PANGKALPINANG – Upaya penyelundupan pasir timah ilegal kembali berhasil digagalkan aparat TNI Angkatan Laut. Kali ini, operasi dilakukan di wilayah DAS Sungai Baturusa II, Selindung Baru, Kecamatan Gabek, Kota Pangkalpinang, pada Sabtu (2/5/2026) kemarin.
Aksi penindakan tersebut melibatkan Tim Intelijen Lanal Bangka Belitung bersama Tim Satgassus Pusat Intelijen TNI AL (Pusintelal). Operasi berlangsung sejak pukul 00.10 WIB hingga 05.30 WIB sebagai bagian dari pengawasan ketat terhadap aktivitas ilegal yang merugikan negara, khususnya di sektor sumber daya alam strategis.

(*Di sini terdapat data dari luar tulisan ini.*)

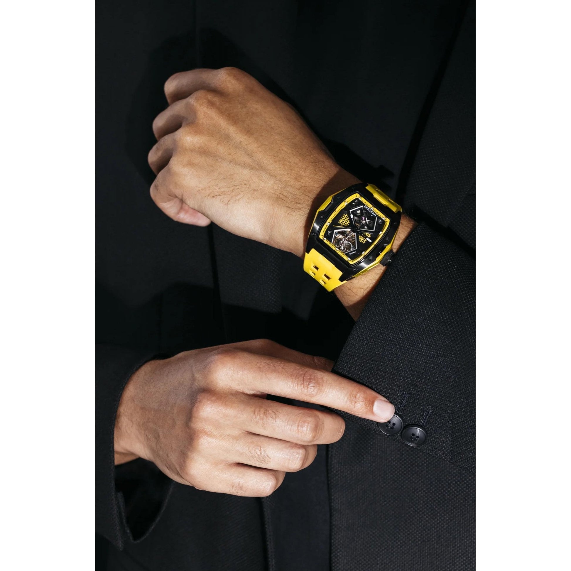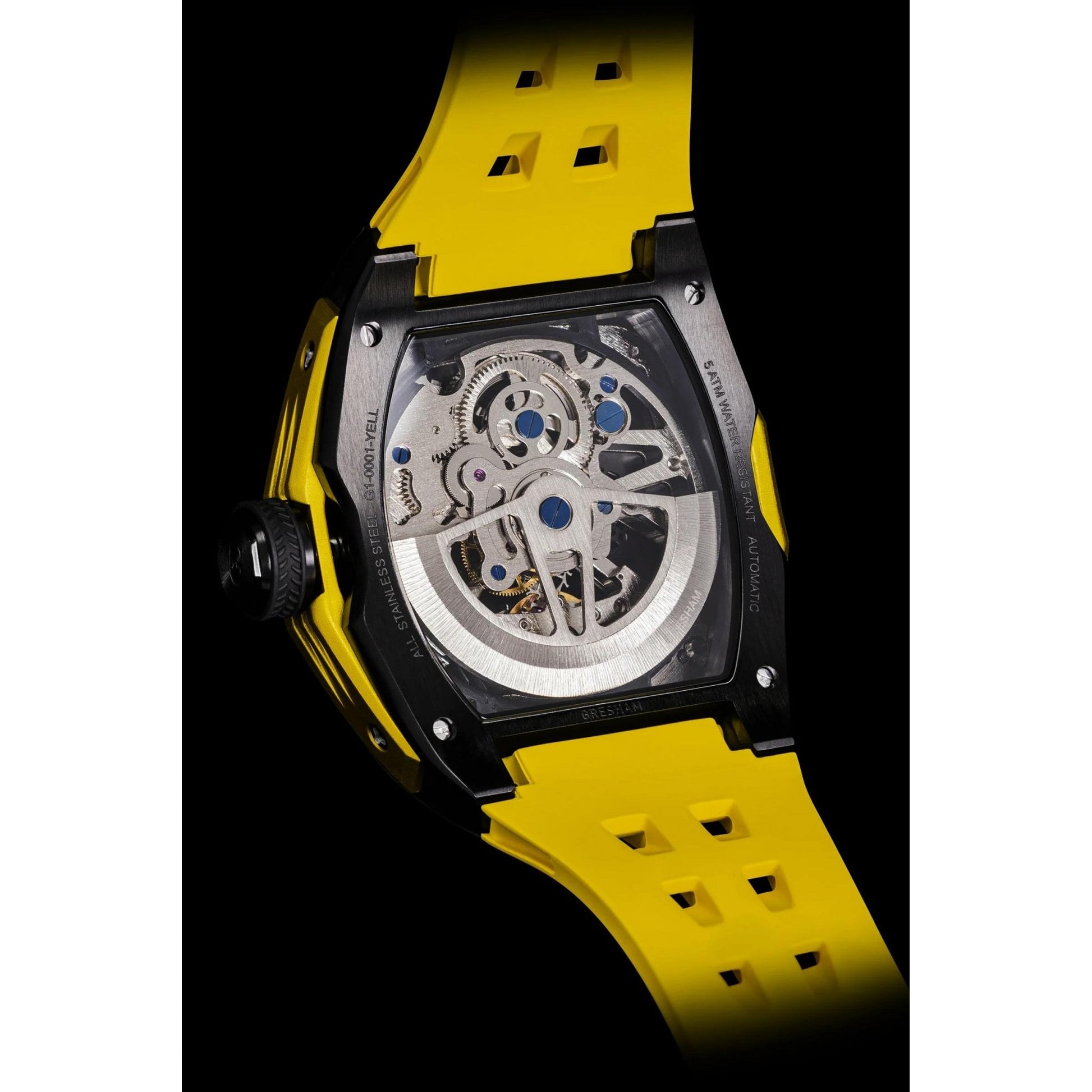 The Genesis GI Features a hybrid Steel and Aluminium Exo frame chassis which embodies the exposed skeleton custom automatic movement with self-winding mechanism. The case is seamlessly integrated on a custom designed high density rubber strap.

Dalam operasi itu, petugas berhasil mengamankan barang bukti berupa satu unit mobil Suzuki Carry pick up serta sekitar 1 ton pasir timah kering. Material tersebut dikemas dalam 21 kampil dengan estimasi nilai mencapai sekitar Rp299 juta.
“Namun, saat proses penindakan berlangsung, pelaku berhasil melarikan diri. Hingga kini, aparat masih melakukan pengejaran guna mengungkap identitas serta jaringan yang terlibat dalam aktivitas ilegal tersebut,” tulis keterangan penerangan TNI AL.
Seluruh barang bukti yang diamankan telah dibawa ke Markas Komando Lanal Bangka Belitung untuk menjalani proses pemeriksaan lebih lanjut sesuai prosedur hukum yang berlaku.
Keberhasilan ini menjadi bagian dari komitmen TNI AL dalam menjaga keamanan wilayah serta melindungi kekayaan alam Indonesia dari praktik penyelundupan.
“Langkah ini juga sejalan dengan arahan Kepala Staf Angkatan Laut (Kasal) Laksamana TNI Dr. Muhammad Ali yang menekankan pentingnya peningkatan pengawasan dan penegakan hukum di wilayah perairan nasional,” tulisnya.
TNI AL menegaskan akan terus memperkuat patroli dan operasi intelijen guna menekan aktivitas ilegal, termasuk penyelundupan timah yang kerap terjadi di wilayah Bangka Belitung.